Par tutelle organique, on entend un contrôle sur les structures constitutionnelles, sur les personnes des organes décentralisés.

Pour ce qui est de la commune, ce contrôle s’effectuera sur le conseil communal ou le collège exécutif communal.

Ici, trois types d’interventions de l’autorité de tutelle sont possibles :

  • Le pouvoir de nomination ;
  • Le pouvoir de suspension ;
  • Le pouvoir de révocation ou de dissolution ;

L’on peut aisément remarquer que cette tutelle sur les personnes ne cadre pas avec l’esprit de la décentralisation en RDC telle qu’elle a été instituée par le législateur. Accorder ainsi beaucoup plus de pouvoir à l’autorité de tutelle paralyserait l’autonomie dont devraient jouir les ETD en RDC.

Pour ce faire, la seule forme de tutelle organisée en RDC est la tutelle exercée sur les actes des autorités des ETD.

  • Le contrôle de tutelle sur les actes ou tutelle fonctionnelle.

La tutelle fonctionnelle peut se définir comme le contrôle qui s’exerce sur des décisions ou actes pris par les organes des institutions  décentralisées et peut se manifester par quatre (4) procédés différents à savoir :

  • Le pouvoir de suspension et d’annulation 
  • Le pouvoir de constater la «  nullité de droit de l’acte » 
  • Le pouvoir d’approbation ou de réformation 
  • Enfin, le pouvoir de substitution 

Il y a lieu de noter qu’au delà de ce contrôle de tutelle, les entités décentralisées peuvent être soumises également à un contrôle juridictionnel. Ce dernier peut être constitutionnel, judiciaire ou administratif.

Toutefois l’essentiel de contrôle relève du juge administratif. Celui-ci est le juge naturel des actes administratifs unilatéraux de l’administration.

  1. Formes de la décentralisation

Fréquemment, on distingue deux (2) formes de la décentralisation : la

Décentralisation territoriale et la  décentralisation technique.

La première s’applique aux collectivités territoriales tandis que la seconde concerne les établissements publics.

  1. La décentralisation territoriale.

La décentralisation territoriale est un mode de gestion des entités locales qui consiste en une responsabilisation de celles-ci en ce qui concerne leur gestion quotidienne pour la quelle elles bénéficient d’une autonomie de décision[13].

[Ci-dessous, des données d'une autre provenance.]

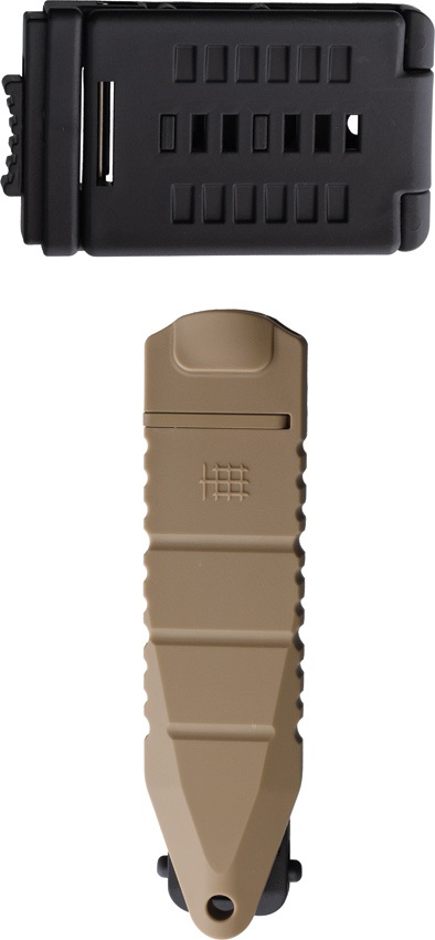 7.75″ (19.69cm) overall. 4″ (10.16cm) dark earth Teflon coated partially serrated Bohler K110 stainless modified spear point blade. Flat Dark Earth sculpted G10 handle. Full, extended tang. Finger ring. Tan molded plastic MOLLE compatible belt sheath. Boxed.
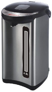 Мощность: 750 Вт. Объем: 4,5л. Чайник-термос с функцией кипячения и поддержания температуры на уровне 85-90°С. Двойная защита от перегрева и включения без воды. Два способа подачи воды: автоматический кнопкой, нажатием чашки. Поворот основания на 360°. Световые индикаторы режима работы. Материал колбы: нержавеющая сталь. Материал корпуса: металл. Цвет черный/нерж. сталь.
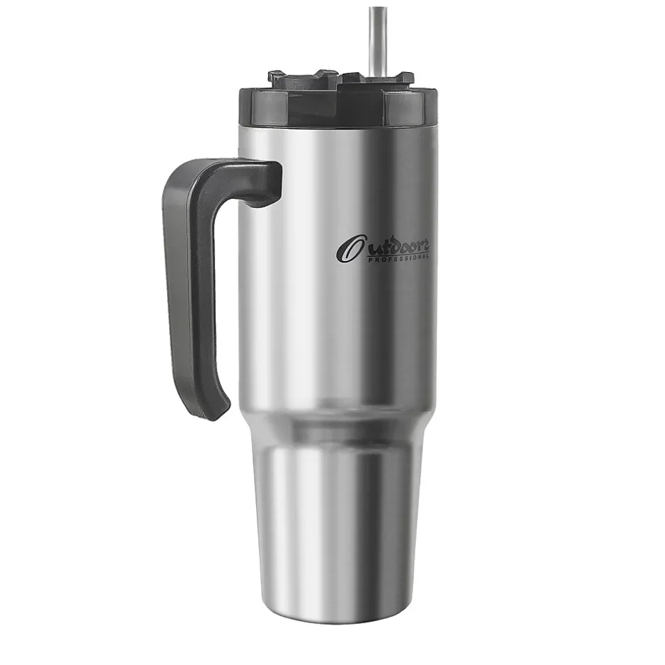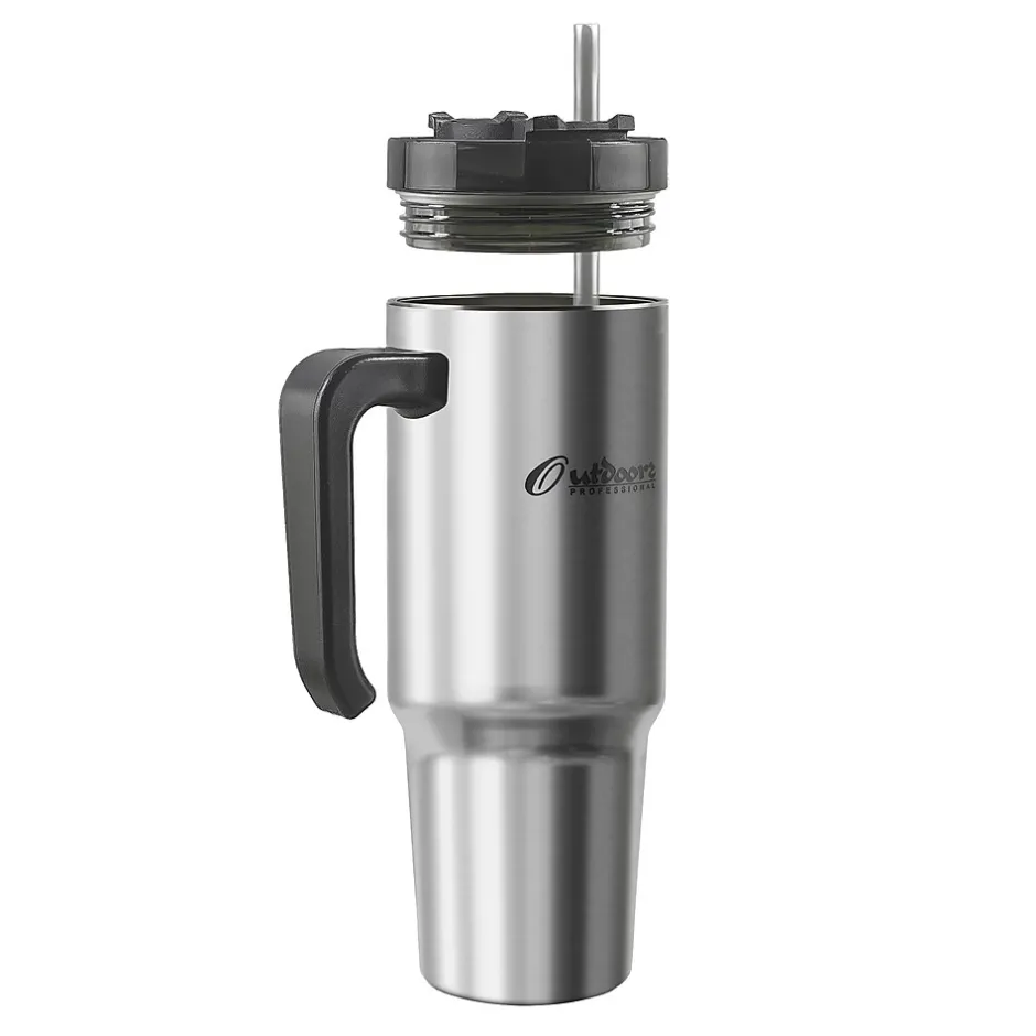 The Outdoors Professional 30-Oz. Stainless Steel Tumbler’s double-walled, vacuum-insulated technology will keep iced drinks cold for up to 30 hours, no-ice drinks chilled up to 9 hours, and hot drinks hot for up to 5 hours! No more settling for lukewarm sips or diluted flavors! If you’re on the go, this tumbler is built to fit any standard cup-holder. These tumblers are lightweight and durable. Crafted with stainless steel that is 100% BPA-free and nontoxic, this tumbler is built to withstand the rigors of everyday use, ensuring its durability for years to come. This tumbler features a screw-on splashproof straw lid to avoid spills and leaks. It’s not only lightweight and easy to carry but super easy to clean. Hand-washing is a breeze as the wide mouth allows for effortless access to every nook and cranny. It’s also dishwasher-friendly: simply toss it in, let the dishwasher work its magic, and have a sparkling clean tumbler!

Elle est un procédé technique qui consiste à confier la gestion de l’ensemble des intérêts provinciaux et locaux à des autorités provinciales ou locales dotées, vis-à vis du pouvoir central, de l’autonomie organique.

Et ces autorités locales jouissent, en effet, d’un pouvoir réel de décisions sur l’ensemble du territoire de l’entité concernée.

La décentralisation territoriale, contrairement à la déconcentration (et aussi dans une certaine mesure à la décentralisation  technique) n’est pas une simple technique d’administration. Elle revêt une signification politique à deux égards :

  • Décentraliser les entités territoriales, c’est créer autant de démocraties locales. Sans doute, elles ne sont pas de démocraties complètes. Le caractère unitaire s’y oppose : c’est sur le plan de l’administration seulement et non sur ceux également de la législation et de la justice, que les habitants de ces collectivités règleront leurs affaires, par l’intermédiaire de leurs représentants élus.

Par suite, ces collectivités sont très éloignées de ce que sont les Etats membres d’une fédération.

D’autant plus que, réserve faite de quelques principes constitutionnels, leur statut est notamment quant à leur domaine de compétence, ce que le législateur veut qu’il soit, alors que celui des Etats fédérés est dans tous ses aspects déterminé par la constitution elle-même.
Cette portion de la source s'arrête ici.